Q: Does
any document require to be examined before buying a
property?
Before you buy a property, you must
get a title and document search properly conducted by
hiring a competent advocate. You cannot examine the
documents on your own, and thus, professional assistance
needs to be taken.
Q: What is
meant by Carpet Area, Built-up Area and Super Built-up
Area?
Carpet Area: It refers to the area of
the apartment, excluding the area of the
walls.
Built-up Area: It comprises the apartment area
as well as the area of the walls.
Super Built-up
Area: This term is used only when referring to
multi-dwelling units.

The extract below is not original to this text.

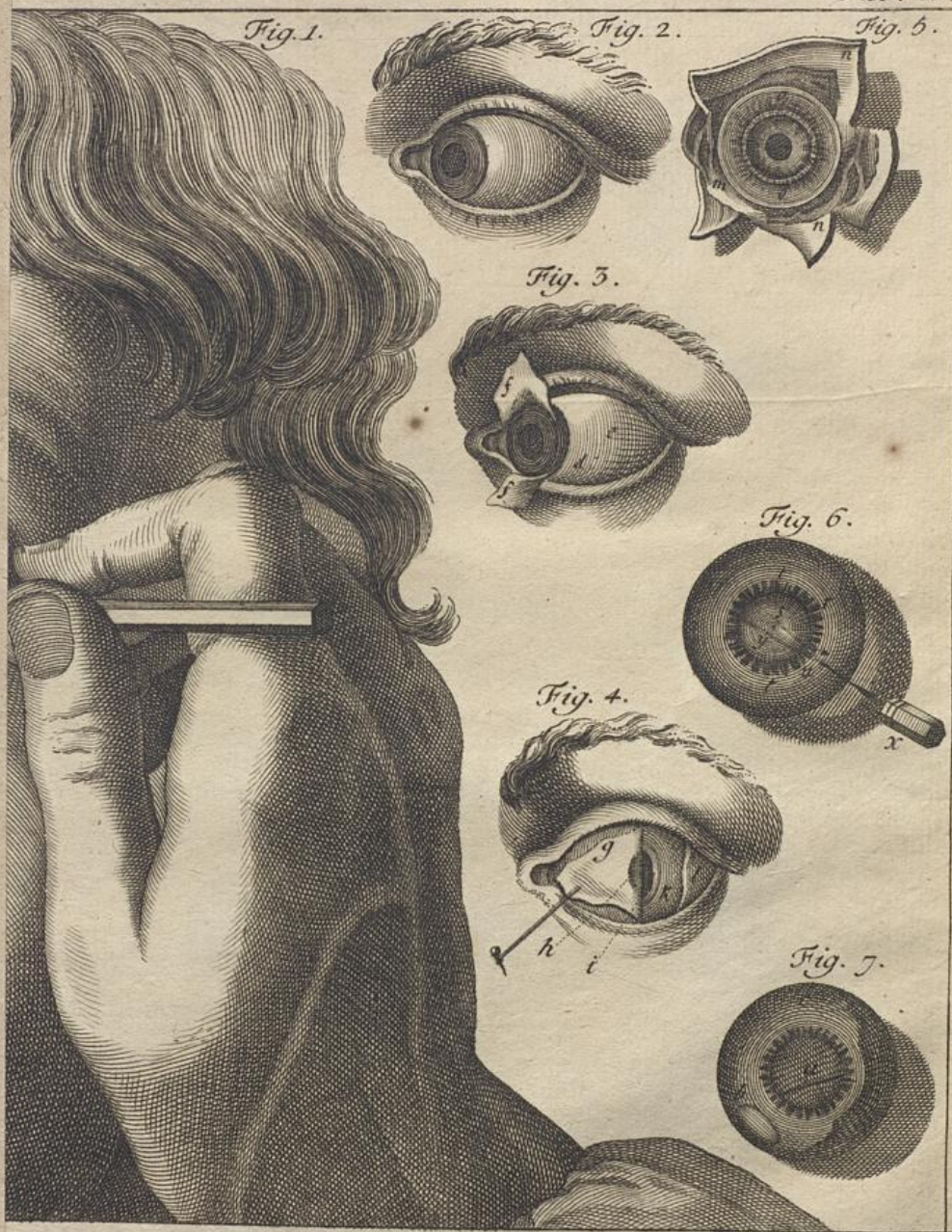
SUFFUSION. NATUR. ET CURAT. pag. 148.
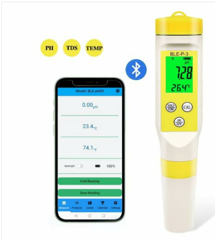
Image 5: The VIHELM BLE-P-3 pH meter displayed alongside a smartphone showing its companion application. The app displays pH and temperature readings, and options for backlight control, holding, and saving readings. Bluetooth icon indicates connectivity.

It includes the apartment area,
the area of the walls and the area under common spaces
like lobby, staircase, elevators, etc.
Q: What
documents need to be verified before making any purchase
of a property?
The following documents must be
properly verified by an advocate before buying a
property:
Approved Layout Plan
Approved Building Plan
Title Ownership Documents
Complete Search
Q: What is
meant by Stamp Duty?
Stamp Duty refers
to charges in the form of taxes levied by the State
Government.
Q: Is it
the buyer or the seller liable to pay Stamp Duty?

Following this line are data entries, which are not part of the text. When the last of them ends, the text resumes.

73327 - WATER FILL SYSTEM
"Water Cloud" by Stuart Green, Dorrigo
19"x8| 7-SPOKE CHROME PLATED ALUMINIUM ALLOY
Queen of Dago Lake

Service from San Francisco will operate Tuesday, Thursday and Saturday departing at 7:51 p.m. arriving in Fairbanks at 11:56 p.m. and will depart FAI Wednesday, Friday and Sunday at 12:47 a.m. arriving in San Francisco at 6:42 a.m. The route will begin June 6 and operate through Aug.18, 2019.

Under Section 30 of Bombay Stamp Act, 1958,
the buyer is liable to pay Stamp Duty, unless there is a
specific agreement to the contrary.
Q: Under
whose name, are the stamps to be purchased?

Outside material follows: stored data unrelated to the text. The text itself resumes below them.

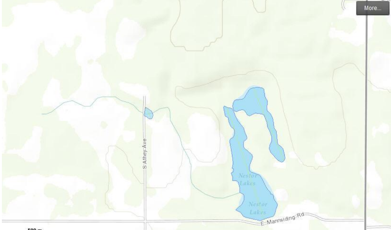
Figure 2. Location of Nestor Lake, Clare County
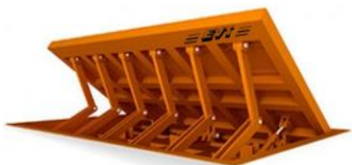
RAL1028 Melon Yellow EVT-SMHRB-28-x (x refers to the desired blocking width)
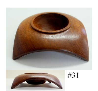
5 <sup>3</sup>/<sub>4</sub>" x 5 <sup>3</sup>/<sub>4</sub>" mahogany, 2" tall $35.
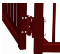
Machined hinge, with-stands a load of 400 kg
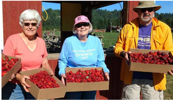
Homemade strawberry jam is a draw for the pancake breakfast.

Another commented that her granddaughter, a Seattle
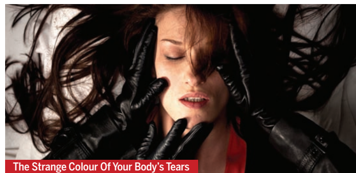
The Strange Colour Of Your Body's Tears
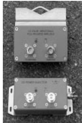
View showing the DC Injector and the pole mounted outdoor amplifier attached to its mounting bracket.

Kit Weight: Approx. 1.5 lb. with U-bolts
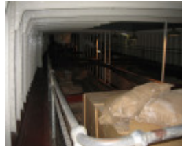
14368 Polly Woodside Hold 4 Oct 2006 mz
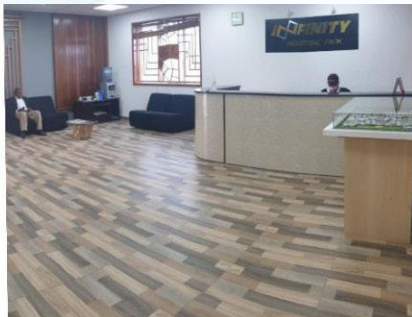
INFINITY RECEPTION AREA
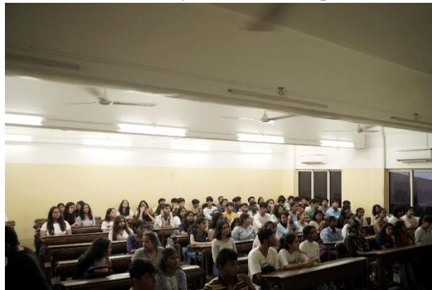
First Year students attending the orientation programme
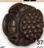
3731-22 OGLETHORPE 2DIA 1.5D CASE:6
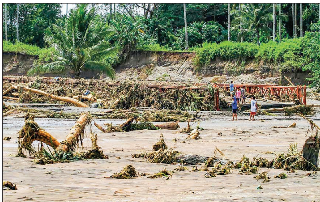
A general view of a destroyed bridge after flash floods in Salvador, Lanao del Norte in southern Philippines, on 23 December 2017.

Disaster officials said 159 people were listed as missing
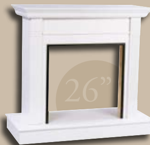
Traditional - Single Molding 26" Wall Mantel, White Paint (CMA210W)
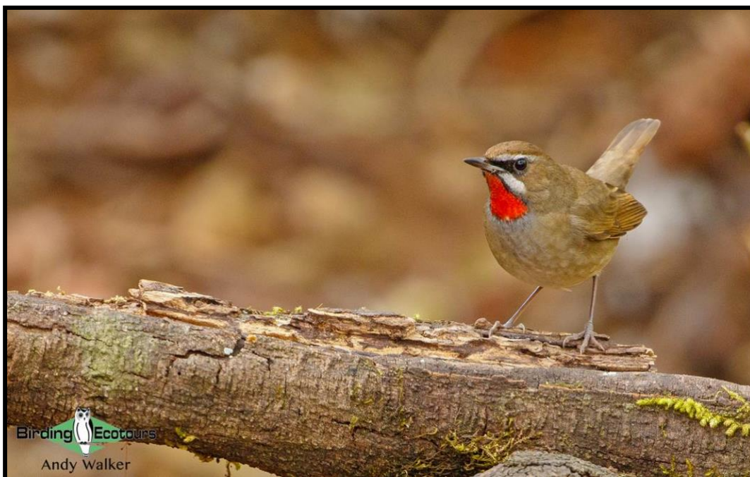
Siberian Rubythroat is one of the many migrants we hope to encounter.
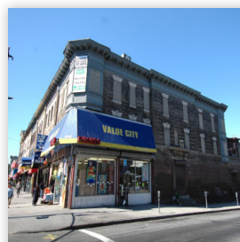
5502 5TH AVE
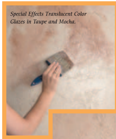
Special Effects Translucent Color Glazes in Taupe and Mocha.

Use Special Effects Translucent Color, Pearl, Opal or Metallic Glazes to add highlights. The Color Washing technique is recommended. Apply glaze in a random "X" pattern. (See the Color Washing brochure for complete details.) For large areas, roll on a light coating of glaze using a 3/8" nap roller cover. Before the glaze dries, blend in a second glaze color using a Symphony™ Color Washing Brush to eliminate lap marks. Soften the glaze with a Symphony™ Cheesecloth, Softening Brush, or cotton cloth.

The stamps can be purchased in the name
of either of the executors to the instrument.
Q: How do
you define Market Value of a property? Is Stamp Duty
payable on this value or on the basis of the clause
mentioned in the agreement?
The Market Value
of a property refers to the price at which the property
can be purchased in the open market on the execution
date of such instrument.
The Stamp Duty has to be
paid either on the property value stated in the
agreement, or the market value, whichever is
higher.
Q: Which instruments
influence the payment of Stamp Duty on the market value
of the property?
The following instruments
have a great influence on the payment of Stamp Duty on
the market value of the property:
Agreement to Sell
Conveyance Deed
Exchange of Property
Gift Deed
Partition Deed
Power of Attorney
Lease Transfer
Q: Who can
determine the market value of the property?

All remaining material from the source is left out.